DISCLAIMER:  This post, while presenting a very real Biblical story and situation, is somewhat tongue in cheek in nature.  Of course, the author of this blog does not believe that Abel was left stranded at Heaven’s gate for thousands of years — the situation is illustrated in that way simply to make a humorous statement out of a true fact (the fact being that Heaven did not exist before Christ’s death circa 33 A.D.).  There are differing views on what happened at the death of Old Testament saints, and this post does not offer any conclusive evidence for one view over another.  This post is meant merely to entertain in an intelligent manner.



  1. I think a better, (and happier view) is that time is not something that exists outside this universe, or at least that our particular perspective on time does not effect us heaven or the saints. If it did, then heaven would have to be a physical location in this universe, which would not play with the immaterial state of our souls. Instead heaven is either timeless (a eternal object dependent on God for its existence) or super temporal (a place with a beginning and an end that does not correspond to ours). I think a super temporal explanation is more likely from Revelation (I.E. heaven has a flow to the events that happen there) Under that understanding when Able died he went to heaven (a place prepared by Christ), even though he died long before Christ entered this world. Because Heaven already encompasses the completed outcome of the world.

    Cool pictures by the way.
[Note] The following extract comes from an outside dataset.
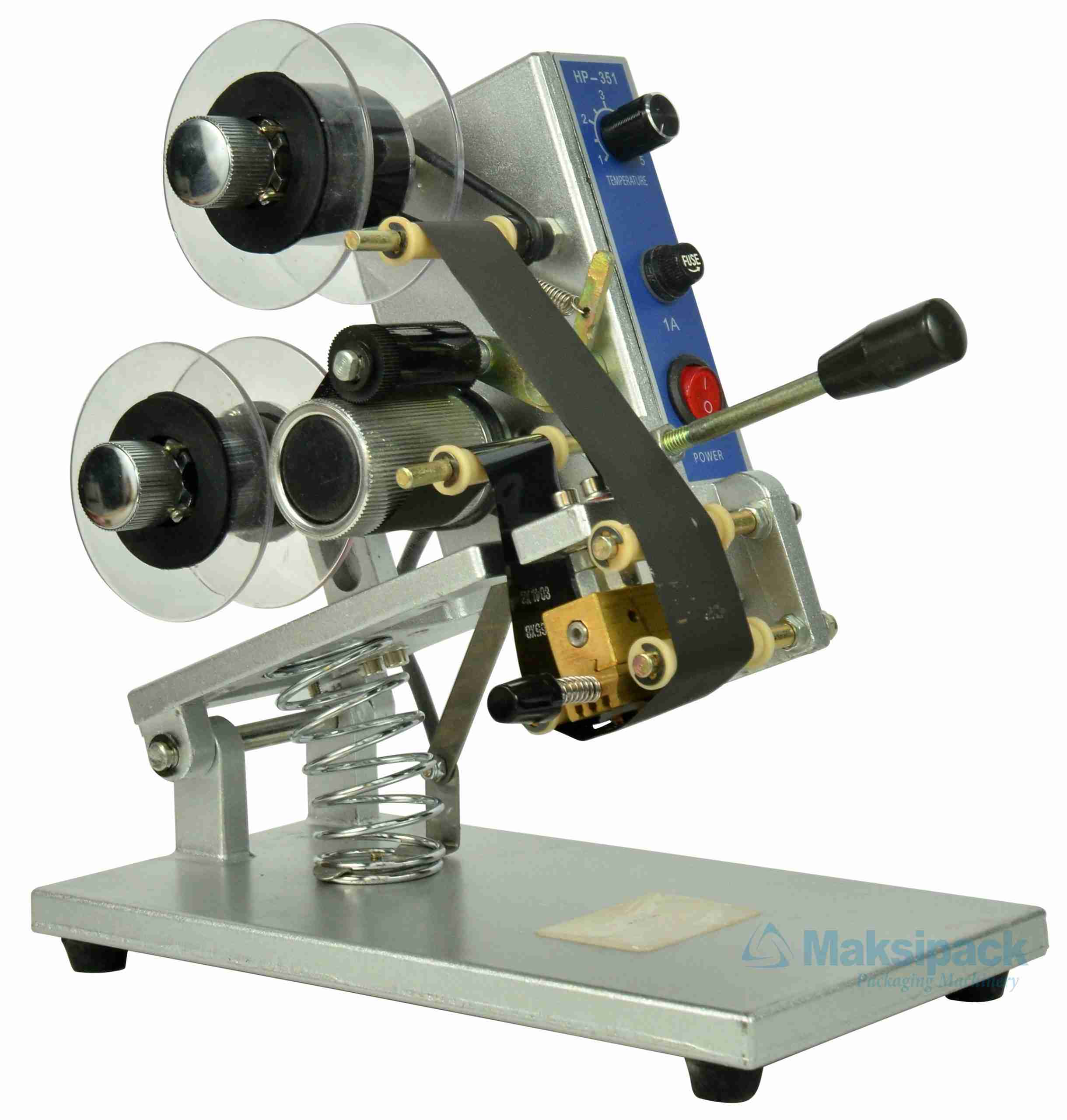Maksindo menyediakan alat pengemas handal dalam sajian mesin hand printer. Mesin hand printer ini berguna untuk menghasilkan angka untuk kemasan dengan memakai pita warna. Pita berwarna dapat difungsikan sebagai pengganti tinta pada mesin pencetak berputar. alat ini dapat digunakan untuk membuat bahan apapun (dengan sifatnya lunak) dengan hasil pencetakan yang tepat serta mudah kering serta tidak lengket, tepat dalam mengganti-ganti huruf. Untuk tipe HP 351 adalah mesin manual, sangat biasa dan mudah dipakai.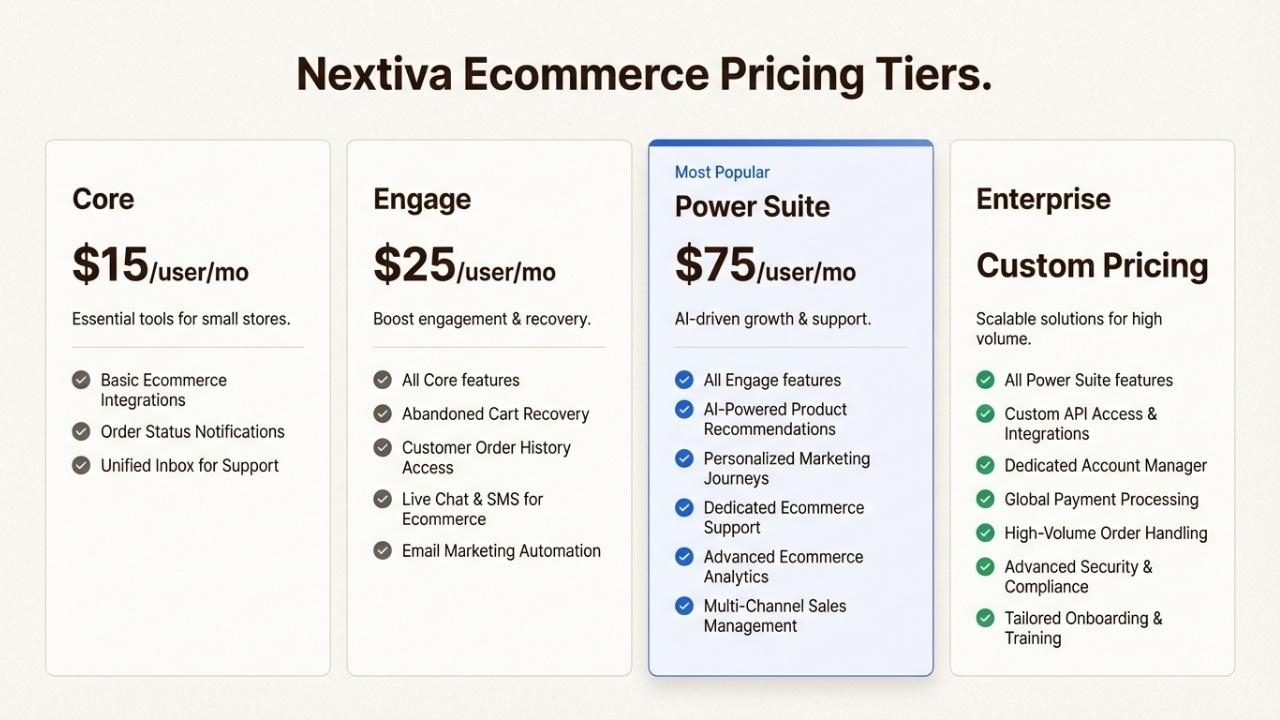 Nextiva ecommerce pricing starts at $15/user/month for the Core plan with annual billing. The Engage plan at $25/user/month adds ecommerce review management. Power Suite CX costs $75/user/month. Enterprise pricing is custom and requires contacting sales.

Are they yours or your sisters?

  2. Thanks for the thoughts! Your comment reminds me a lot of a chapter in Mere Christianity, “Time and Beyond Time.” You do a good job of giving a logical reason of how Abel could in fact go to Heaven before Christ’s death — I didn’t think of the time factor before. Oh, about the pictures… I’m very, very bad at drawing, so I’ll have to give credit where credit is due and admit that they’re my sister’s. She’s quite the artist!